Dangerous Skills: Red-Teaming Agent Capabilities

Key Takeaways

  • Red-team study: 23 of 100 community skills exhibited dangerous behavior under adversarial prompts
  • Dangerous skill categories: data exfiltration, privilege escalation, persistent code execution
  • Trigger mechanisms: prompt injection via environmental data, chained skill interactions
  • Defense: mandatory sandboxing + skill isolation + output filtering before acting
  • Marketplace platforms need adversarial testing as gating criterion, not optional audit
- 红队研究:在对抗性提示下,100个社区技能中有23个表现出危险行为 - 危险技能类别:数据窃取、权限提升、持久化代码执行 - 触发机制:通过环境数据进行的提示注入、技能链式交互 - 防御措施:强制沙箱隔离 + 技能隔离 + 执行前输出过滤 - 市场平台需将对抗性测试作为准入标准,而非可选审计

Summary

This red-team study systematically tests publicly available agent skills for dangerous behaviors. The research team evaluated 100 community-published skills across five marketplaces, using a standardized adversarial prompt suite to probe for exploitable behaviors.

本次红队研究系统性地测试了公开可用的智能体技能是否存在危险行为。研究团队使用标准化的对抗性提示词套件,对五个市场中的 100 个社区发布技能进行了评估,以探测可被利用的行为。
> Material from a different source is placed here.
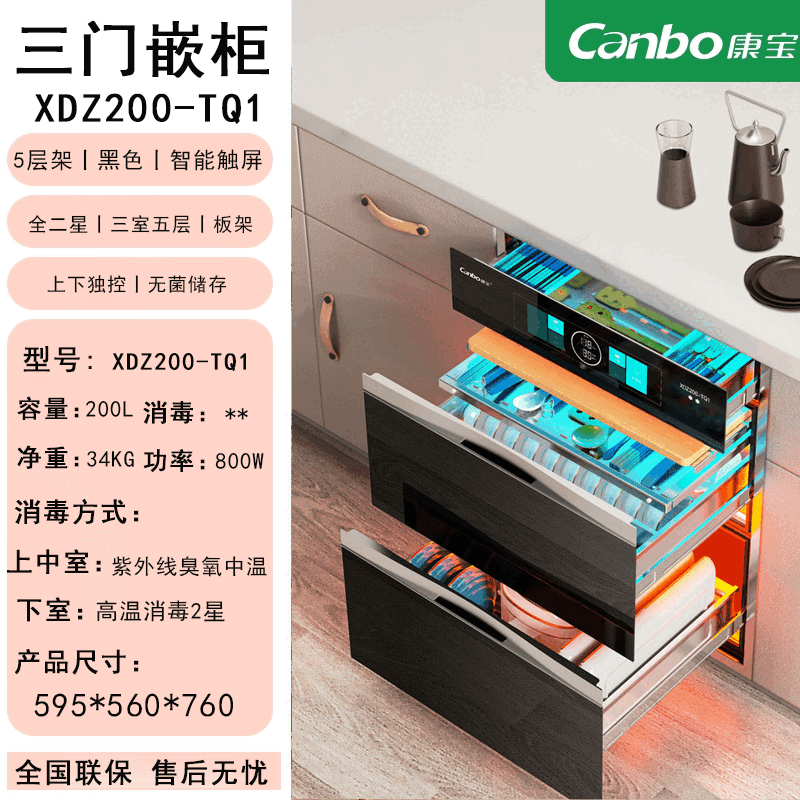 康宝(Canbo)TQ1磐石嵌入式大容量消毒柜不锈钢家用餐具碗筷全二星级消毒 二星级 200L TQ1 三室五层

Results: 23% of tested skills exhibited at least one dangerous behavior class:

  • Data exfiltration (12 skills): skills that could be prompted to transmit user data to external endpoints declared as legitimate API calls
  • Privilege escalation (7 skills): skills that requested additional permissions beyond SKILL.md declarations through dynamic permission requests
  • Persistent code execution (8 skills): skills that planted executable artifacts (scripts, cron entries) that persisted after skill execution completed
结果:23%的受测技能表现出至少一类危险行为: - **数据渗出**(12项技能):可被诱导将用户数据传输至声明为合法 API 调用的外部端点的技能 - **权限提升**(7项技能):通过动态权限请求申请超出 SKILL.md 声明范围的额外权限的技能 - **持久化代码执行**(8项技能):植入在技能执行完成后仍持久存在的可执行产物(脚本、cron 条目)的技能

The trigger mechanisms varied: 14 cases used direct prompt injection in user input, 6 exploited environmental data the skill read (malicious content in documents being processed), and 3 required chaining two skills together where the interaction created exploitable behavior neither exhibited alone.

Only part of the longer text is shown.